INSTRUCTIONS FOR THE TASK: Pictures aside, repeat every entry exactly.

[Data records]

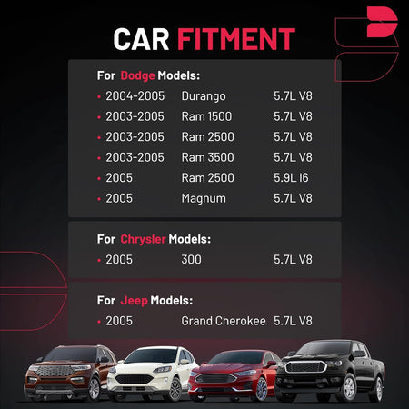 【Precautions】Please confirm compatibility based on your vehicle's year, brand, model, and the OE number of the replacement parts.Compatible with Chrysler 300 2005 ; Compatible with Dodge 2004-2005 Durango Magnum, 2003-2005 Ram 1500 2500 3500; Compatible with Jeep 2005 Grand Cherokee.etc.More information can be found in the pictures or on the details page.
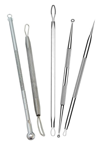 Zestaw 5 łyżeczek do bezpiecznego usuwania zaskórników, wągrów i pryszczy! Profesjonalne, pętelkowe łyżeczki przeznaczone są do pracy przy zaskórnikach i innych zanieczyszczeniach twarzy. Znakomicie sprawdzą się do usuwania pryszczy z trudno dostępnych miejsc!
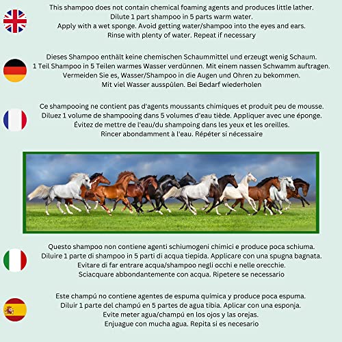 99% Naturale SHAMPOO PER CAVALLI FANGOSI - Con ALOE VERA, ALBERO DI TÉ & NEEM - 250ml di POO FREE. Senza Solfati, Senza Parabeni. Deterge, Calma, Lenisce. Per Pelli Sensibili. Formula Concentrata.
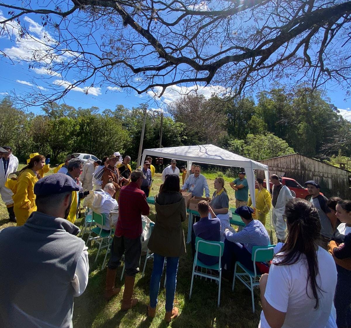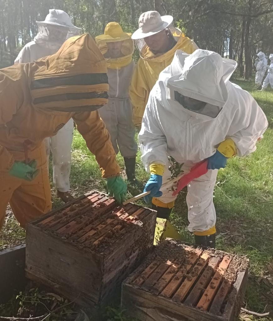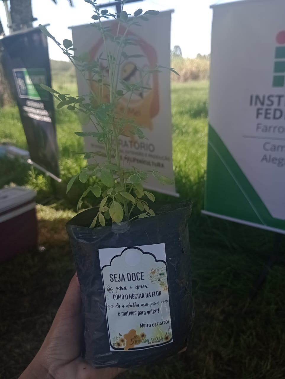 Após o almoço de confraternização, aconteceu a atividade prática no apiário da AAPIA, em três estações: alimentação, comportamento higiênico e varroa - encerrando a 5ª edição da Jornada Apícola de Alegrete ao entregar aos presentes uma muda de espécies de plantas com potencial apícola (pitanga e manjericão).
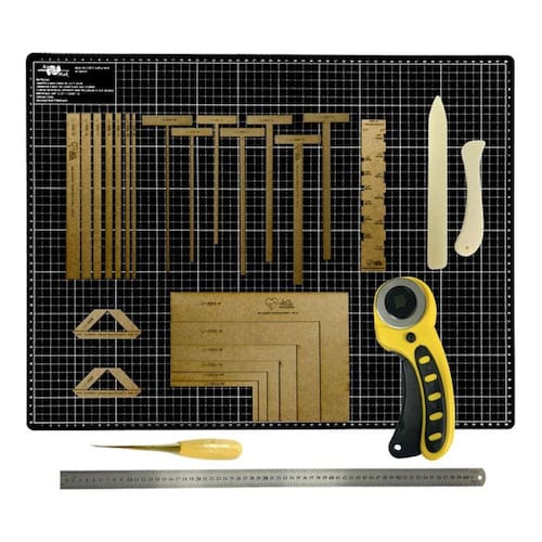 Kit com Base de Corte A1 90x60 Dupla Face Flexível Kit de Régua Para Encadernação Gabarito WireO Régua de inox 60cm Cortador Circular disco de 45mm Base de Corte A1 90x60x3mm Dupla face. Base de Corte Flexível fabricada em PVC emborrachado, tecnologia autocura, base autorregenerativa. Trabalhe com estilete, cortadores circulares sem riscar seus moveis. Marcações Nítidas de Centímetro, meio centímetro, polegadas, ângulos e graus. Cortador Rotativo Circular 45mm Tecidos, Papel, E.V.A entre outros. Cortador com Cabo plástico com formato anatômico. Melhor empunhadura, mais firmeza e precisão na hora do corte. Lâmina de 45mm super afiada. Possui trava de segurança. Pode ser utilizado por destros e canhotos. Trabalhe com Tecidos, Papel, E.V.A entre outros. Régua de aço inox de 60cm ideal de uso geral. Marcações em centímetros, milímetros e polegadas. Tamanho: 60 cm Largura: 2,6cm Kit Gabarito Régua Fio de Cabelo Esquadros T Cartonagem Wire O Kit completo com Réguas e gabaritos para encadernação composto por 23 itens. 7 Gabaritos com medidas de 6mmx30cm, 8mmx30cm, 10mmx30cm, 12mmx30, 15mmx30cm, 18mmx30cm, 20mmx30cm. 2 Réguas fio de Cabelo. 7 Esquadros com medidas de 30x22cm (largura 5cm), 25x17cm (Largura 4cm), 21x13cm (Largura 3cm), 18x10cm (Largura 2cm), 16x8cm (Largura 1,5cm), 14,5x6,5cm (Largura 1cm). 7 Gabaritos em T nas medidas de 6mmx32cm, 8mmx32cm, 10mmx32cm, 12mmx32cm, 15mmx32cm, 18mmx32cm, 20mmx32cm. 1 Gabarito para Wire-O (fio) 2x1 e 3x1. Medidas 2x1(Lado Direito): 5/8 120 Folhas, 3/4 140 Folhas, 7/8 180 Folhas, 1" 200 Folhas, 1 1/8 250 Folhas, 1 1/4 270 Folhas. Medidas 3x1 (Lado Esquerdo): 1/4 25 Folhas, 5/16 50 Folhas, 3/8 60 Folhas, 7/16 85 Folhas, 1/2 95 Folhas, 9/16 110 Folhas. Furador Agulhão Cartonagem Encadernação Cabo de Madeira Patchwork Furador Agulhão Cônico com cabo de madeira. Ideal para Cartonagem, Artesanato e patchwork. Ponta fina e super-resistente. Pode-se guiar tecidos por superfícies estreitas. 2 - Dobradores e Vincadores de papel e tecidos.
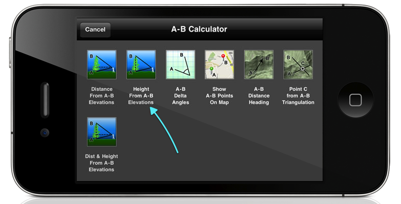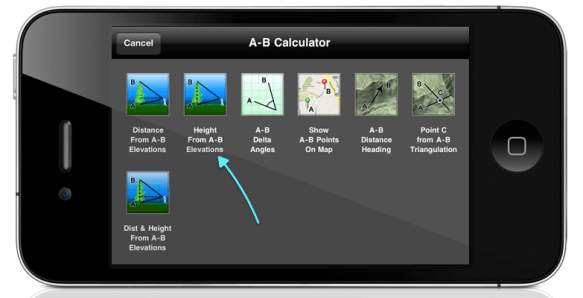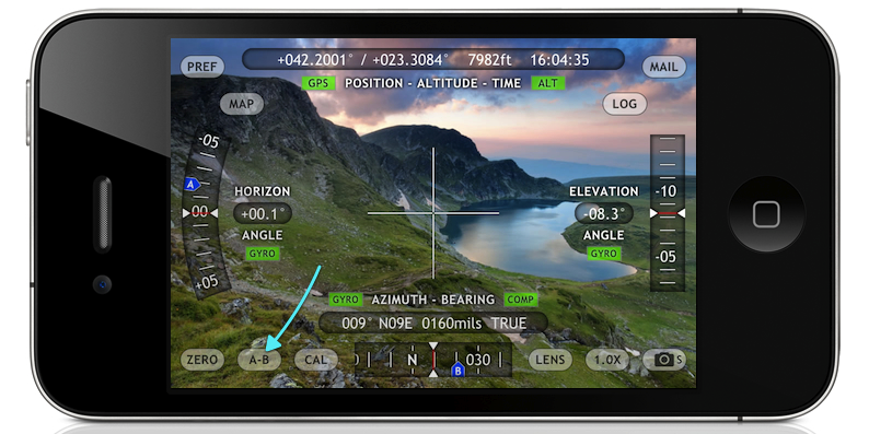 Once the phone is mounted, you point the center at the top of the object and push the “A” buttton to take a reading. Then tilt the device toward the bottom of the object and take the “B” reading.
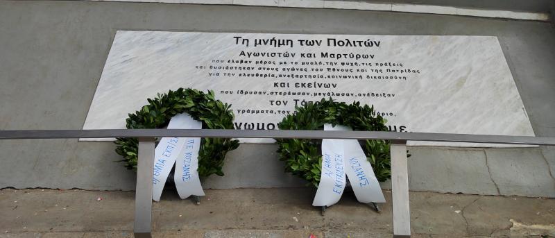 Σημαιοφόροι, παραστάτες και αντιπροσωπεία μαθητών απότισαν φόρο Τιμής στους ήρωες του 1821 με την καθιερωμένη κατάθεση στεφάνων.
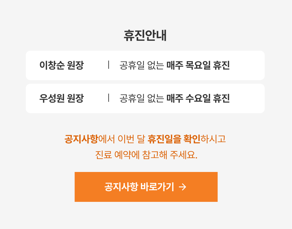 공지사항에서 이번 달 휴진일을 확인하시고 진료 예약에 참고해 주세요.
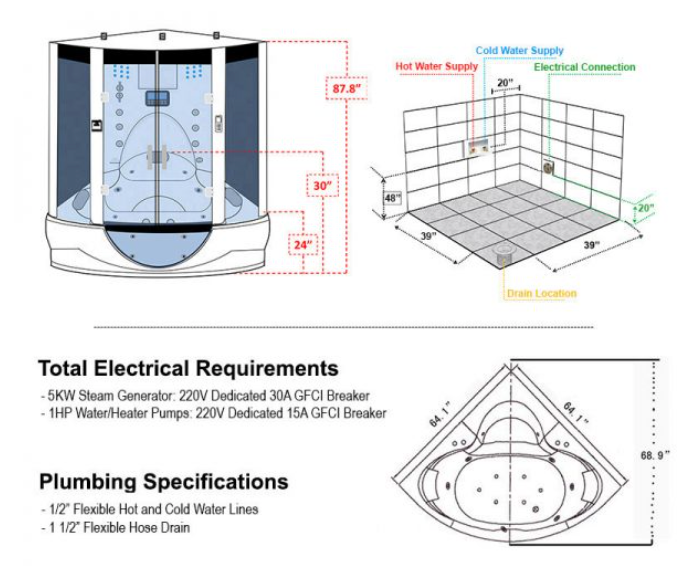 The Valencia computerized Steam Shower Massage Bathtub comes with a built in Heater Pump, 16 Whirlpool Massage Jets, 10 Acupuncture Massage Jets, Waterproof 8.4″ LCD TV, MP3 Compatible. Plus 10 Year Warranty!
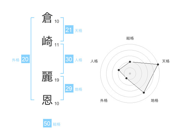 倉崎 麗恩さんの天格は21画の5点!
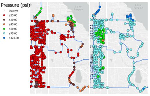 Additional performance gains were achieved through the integration of a planned inline booster station, which further elevated pressures in hydraulically disadvantaged
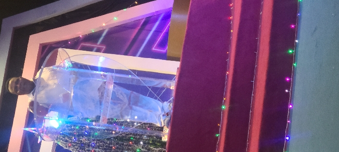 The image depicts an indoor scene on an illuminated stage, likely in Aba, Nigeria

ANSWER:
 【Precautions】Please confirm compatibility based on your vehicle's year, brand, model, and the OE number of the replacement parts.Compatible with Chrysler 300 2005 ; Compatible with Dodge 2004-2005 Durango Magnum, 2003-2005 Ram 1500 2500 3500; Compatible with Jeep 2005 Grand Cherokee.etc.More information can be found in the pictures or on the details page.
 Zestaw 5 łyżeczek do bezpiecznego usuwania zaskórników, wągrów i pryszczy! Profesjonalne, pętelkowe łyżeczki przeznaczone są do pracy przy zaskórnikach i innych zanieczyszczeniach twarzy. Znakomicie sprawdzą się do usuwania pryszczy z trudno dostępnych miejsc!
 99% Naturale SHAMPOO PER CAVALLI FANGOSI - Con ALOE VERA, ALBERO DI TÉ & NEEM - 250ml di POO FREE. Senza Solfati, Senza Parabeni. Deterge, Calma, Lenisce. Per Pelli Sensibili. Formula Concentrata.
 Após o almoço de confraternização, aconteceu a atividade prática no apiário da AAPIA, em três estações: alimentação, comportamento higiênico e varroa - encerrando a 5ª edição da Jornada Apícola de Alegrete ao entregar aos presentes uma muda de espécies de plantas com potencial apícola (pitanga e manjericão).
 Kit com Base de Corte A1 90x60 Dupla Face Flexível Kit de Régua Para Encadernação Gabarito WireO Régua de inox 60cm Cortador Circular disco de 45mm Base de Corte A1 90x60x3mm Dupla face. Base de Corte Flexível fabricada em PVC emborrachado, tecnologia autocura, base autorregenerativa. Trabalhe com estilete, cortadores circulares sem riscar seus moveis. Marcações Nítidas de Centímetro, meio centímetro, polegadas, ângulos e graus. Cortador Rotativo Circular 45mm Tecidos, Papel, E.V.A entre outros. Cortador com Cabo plástico com formato anatômico. Melhor empunhadura, mais firmeza e precisão na hora do corte. Lâmina de 45mm super afiada. Possui trava de segurança. Pode ser utilizado por destros e canhotos. Trabalhe com Tecidos, Papel, E.V.A entre outros. Régua de aço inox de 60cm ideal de uso geral. Marcações em centímetros, milímetros e polegadas. Tamanho: 60 cm Largura: 2,6cm Kit Gabarito Régua Fio de Cabelo Esquadros T Cartonagem Wire O Kit completo com Réguas e gabaritos para encadernação composto por 23 itens. 7 Gabaritos com medidas de 6mmx30cm, 8mmx30cm, 10mmx30cm, 12mmx30, 15mmx30cm, 18mmx30cm, 20mmx30cm. 2 Réguas fio de Cabelo. 7 Esquadros com medidas de 30x22cm (largura 5cm), 25x17cm (Largura 4cm), 21x13cm (Largura 3cm), 18x10cm (Largura 2cm), 16x8cm (Largura 1,5cm), 14,5x6,5cm (Largura 1cm). 7 Gabaritos em T nas medidas de 6mmx32cm, 8mmx32cm, 10mmx32cm, 12mmx32cm, 15mmx32cm, 18mmx32cm, 20mmx32cm. 1 Gabarito para Wire-O (fio) 2x1 e 3x1. Medidas 2x1(Lado Direito): 5/8 120 Folhas, 3/4 140 Folhas, 7/8 180 Folhas, 1" 200 Folhas, 1 1/8 250 Folhas, 1 1/4 270 Folhas. Medidas 3x1 (Lado Esquerdo): 1/4 25 Folhas, 5/16 50 Folhas, 3/8 60 Folhas, 7/16 85 Folhas, 1/2 95 Folhas, 9/16 110 Folhas. Furador Agulhão Cartonagem Encadernação Cabo de Madeira Patchwork Furador Agulhão Cônico com cabo de madeira. Ideal para Cartonagem, Artesanato e patchwork. Ponta fina e super-resistente. Pode-se guiar tecidos por superfícies estreitas. 2 - Dobradores e Vincadores de papel e tecidos.
 Once the phone is mounted, you point the center at the top of the object and push the “A” buttton to take a reading. Then tilt the device toward the bottom of the object and take the “B” reading.
 Σημαιοφόροι, παραστάτες και αντιπροσωπεία μαθητών απότισαν φόρο Τιμής στους ήρωες του 1821 με την καθιερωμένη κατάθεση στεφάνων.
 공지사항에서 이번 달 휴진일을 확인하시고 진료 예약에 참고해 주세요.
 The Valencia computerized Steam Shower Massage Bathtub comes with a built in Heater Pump, 16 Whirlpool Massage Jets, 10 Acupuncture Massage Jets, Waterproof 8.4″ LCD TV, MP3 Compatible. Plus 10 Year Warranty!
 倉崎 麗恩さんの天格は21画の5点!
 Additional performance gains were achieved through the integration of a planned inline booster station, which further elevated pressures in hydraulically disadvantaged
 The image depicts an indoor scene on an illuminated stage, likely in Aba, Nigeria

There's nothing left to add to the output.